- Exercise description -
Nothing but an exact copy is asked for: the lines in the material below from the one with "Loved this top" through the one with "Pigs are known", pictures excluded.

[Opening Study material section]

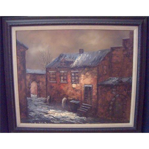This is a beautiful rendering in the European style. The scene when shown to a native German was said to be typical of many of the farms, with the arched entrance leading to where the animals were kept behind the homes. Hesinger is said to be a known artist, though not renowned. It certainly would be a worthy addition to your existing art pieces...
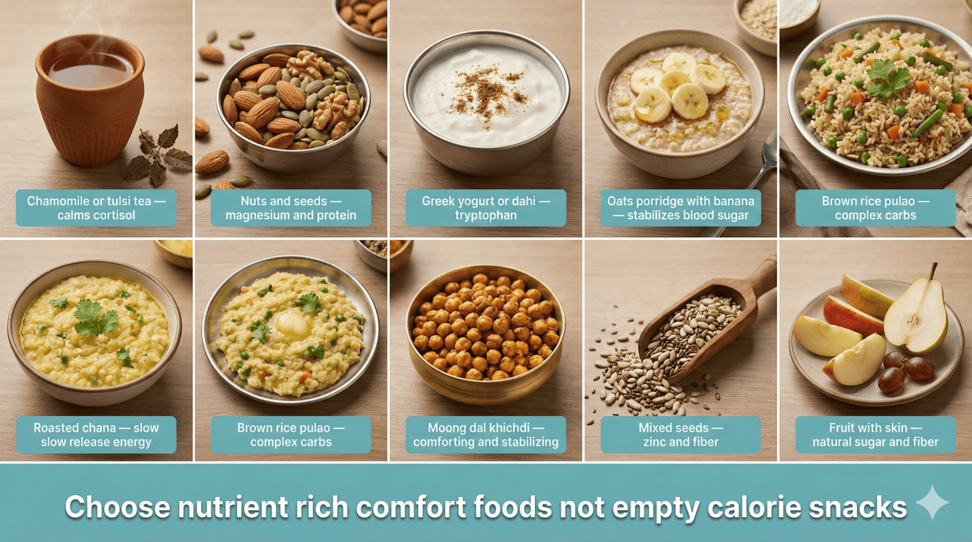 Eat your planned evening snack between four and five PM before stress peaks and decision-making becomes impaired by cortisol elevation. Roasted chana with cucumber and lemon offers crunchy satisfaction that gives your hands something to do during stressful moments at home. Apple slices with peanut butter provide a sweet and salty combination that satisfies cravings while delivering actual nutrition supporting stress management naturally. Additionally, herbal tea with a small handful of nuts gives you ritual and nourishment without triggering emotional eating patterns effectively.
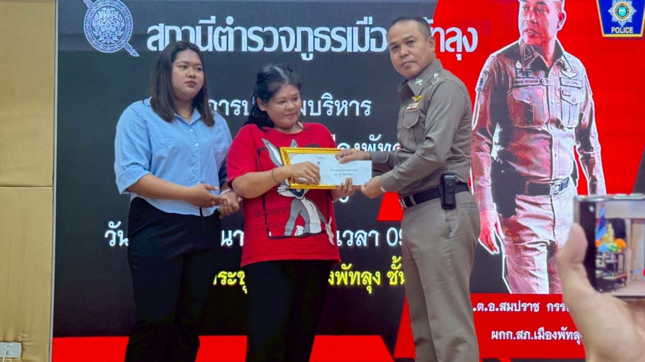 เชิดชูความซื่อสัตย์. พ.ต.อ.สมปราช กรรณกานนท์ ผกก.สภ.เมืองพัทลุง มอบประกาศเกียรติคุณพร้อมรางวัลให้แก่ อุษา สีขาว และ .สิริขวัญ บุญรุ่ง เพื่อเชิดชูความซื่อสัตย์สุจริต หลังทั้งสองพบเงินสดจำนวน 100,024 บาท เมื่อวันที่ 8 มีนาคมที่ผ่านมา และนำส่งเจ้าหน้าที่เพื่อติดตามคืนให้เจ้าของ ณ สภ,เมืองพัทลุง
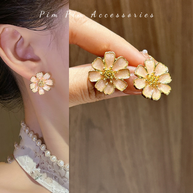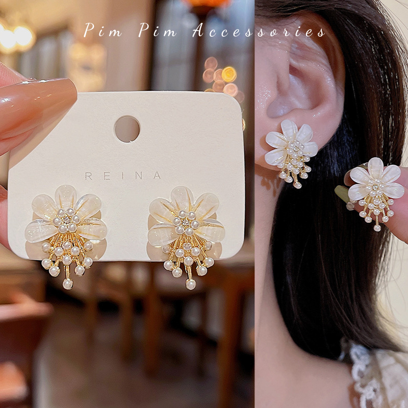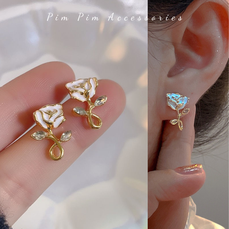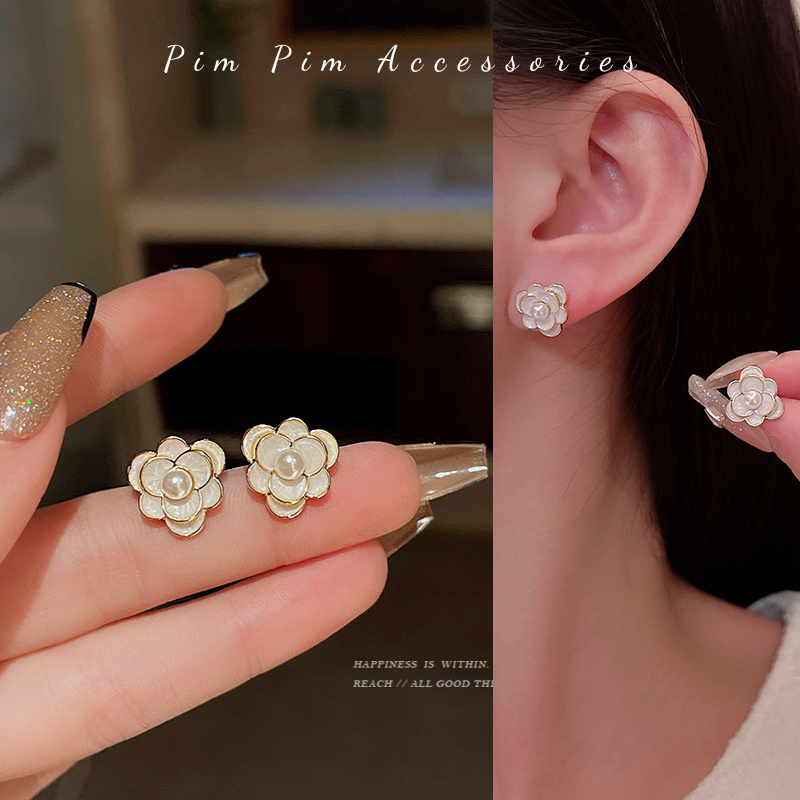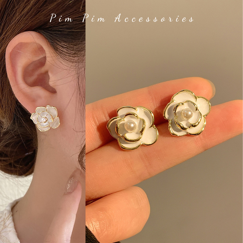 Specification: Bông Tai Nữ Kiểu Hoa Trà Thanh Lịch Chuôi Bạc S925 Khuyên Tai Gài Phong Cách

[Closing Study material section]
[Opening Study material section]

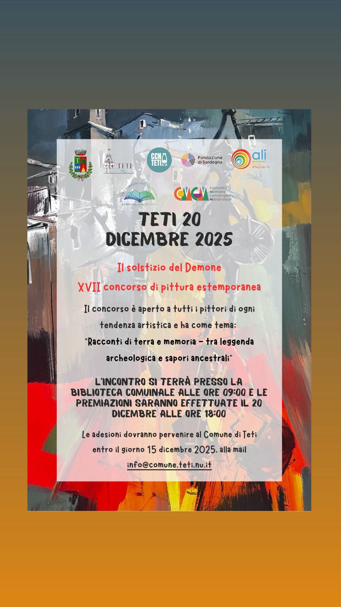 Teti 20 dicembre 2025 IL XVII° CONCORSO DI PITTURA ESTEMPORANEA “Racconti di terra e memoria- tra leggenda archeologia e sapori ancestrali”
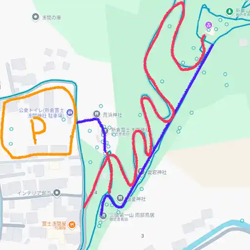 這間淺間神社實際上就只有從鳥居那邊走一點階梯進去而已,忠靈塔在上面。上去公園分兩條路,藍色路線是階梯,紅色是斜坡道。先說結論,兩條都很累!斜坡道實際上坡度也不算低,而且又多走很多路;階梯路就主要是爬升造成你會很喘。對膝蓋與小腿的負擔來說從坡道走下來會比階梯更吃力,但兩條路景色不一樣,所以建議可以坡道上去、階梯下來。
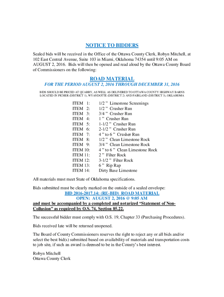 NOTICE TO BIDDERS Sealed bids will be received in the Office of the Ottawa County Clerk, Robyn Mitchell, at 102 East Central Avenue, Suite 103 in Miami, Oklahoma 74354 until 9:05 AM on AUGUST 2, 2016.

[Closing Study material section]
[Opening Study material section]

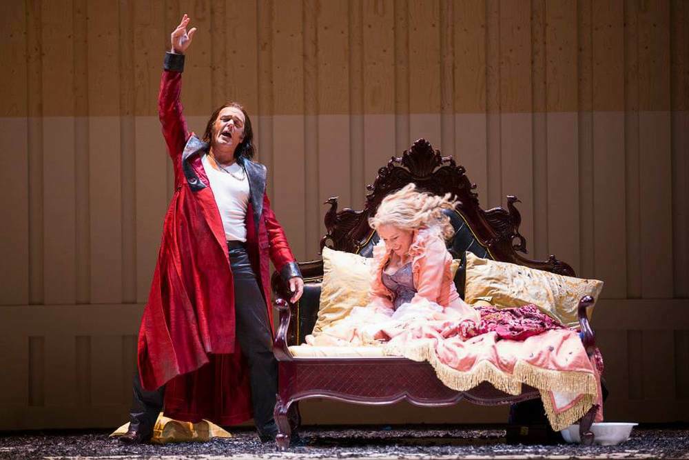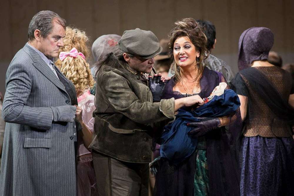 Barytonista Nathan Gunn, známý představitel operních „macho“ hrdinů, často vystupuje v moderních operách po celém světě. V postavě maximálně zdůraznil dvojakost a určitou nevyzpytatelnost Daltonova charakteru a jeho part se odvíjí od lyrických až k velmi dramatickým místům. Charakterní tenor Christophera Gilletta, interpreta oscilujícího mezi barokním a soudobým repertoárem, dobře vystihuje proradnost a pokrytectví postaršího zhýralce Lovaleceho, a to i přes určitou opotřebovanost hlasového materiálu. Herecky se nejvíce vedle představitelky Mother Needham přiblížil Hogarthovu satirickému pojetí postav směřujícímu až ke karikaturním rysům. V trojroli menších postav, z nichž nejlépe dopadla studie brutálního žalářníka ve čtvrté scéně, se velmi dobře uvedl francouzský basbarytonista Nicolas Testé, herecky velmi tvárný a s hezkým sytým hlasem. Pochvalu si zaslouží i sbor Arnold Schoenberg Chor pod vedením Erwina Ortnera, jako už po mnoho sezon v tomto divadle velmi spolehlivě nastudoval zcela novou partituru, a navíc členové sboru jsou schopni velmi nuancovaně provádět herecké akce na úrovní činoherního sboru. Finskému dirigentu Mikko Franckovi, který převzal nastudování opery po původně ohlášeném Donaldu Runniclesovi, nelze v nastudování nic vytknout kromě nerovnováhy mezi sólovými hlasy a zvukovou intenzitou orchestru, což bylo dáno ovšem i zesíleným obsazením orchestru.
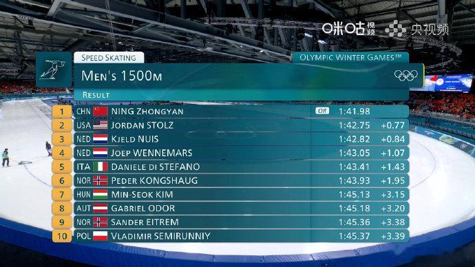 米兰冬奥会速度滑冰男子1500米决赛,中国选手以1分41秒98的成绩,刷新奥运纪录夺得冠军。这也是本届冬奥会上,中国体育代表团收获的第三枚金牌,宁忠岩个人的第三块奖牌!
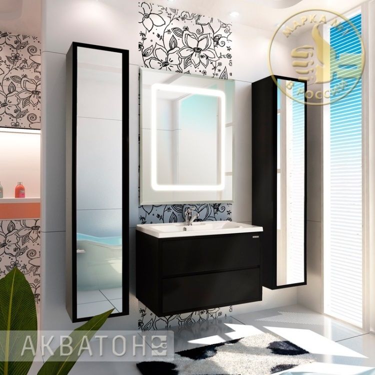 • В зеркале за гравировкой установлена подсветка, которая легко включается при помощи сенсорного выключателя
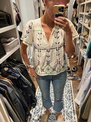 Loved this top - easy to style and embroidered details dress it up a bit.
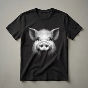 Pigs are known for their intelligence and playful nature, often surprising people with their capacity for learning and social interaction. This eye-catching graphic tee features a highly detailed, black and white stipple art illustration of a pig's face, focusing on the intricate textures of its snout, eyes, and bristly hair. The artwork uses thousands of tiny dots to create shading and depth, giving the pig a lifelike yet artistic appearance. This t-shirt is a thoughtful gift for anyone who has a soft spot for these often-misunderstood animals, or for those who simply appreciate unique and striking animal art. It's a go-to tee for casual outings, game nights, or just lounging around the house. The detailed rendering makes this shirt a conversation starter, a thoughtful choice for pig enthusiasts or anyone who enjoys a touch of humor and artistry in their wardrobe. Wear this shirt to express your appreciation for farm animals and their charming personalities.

[Closing Study material section]

- Completed exercise -
 Loved this top - easy to style and embroidered details dress it up a bit.
 Pigs are known for their intelligence and playful nature, often surprising people with their capacity for learning and social interaction. This eye-catching graphic tee features a highly detailed, black and white stipple art illustration of a pig's face, focusing on the intricate textures of its snout, eyes, and bristly hair. The artwork uses thousands of tiny dots to create shading and depth, giving the pig a lifelike yet artistic appearance. This t-shirt is a thoughtful gift for anyone who has a soft spot for these often-misunderstood animals, or for those who simply appreciate unique and striking animal art. It's a go-to tee for casual outings, game nights, or just lounging around the house. The detailed rendering makes this shirt a conversation starter, a thoughtful choice for pig enthusiasts or anyone who enjoys a touch of humor and artistry in their wardrobe. Wear this shirt to express your appreciation for farm animals and their charming personalities.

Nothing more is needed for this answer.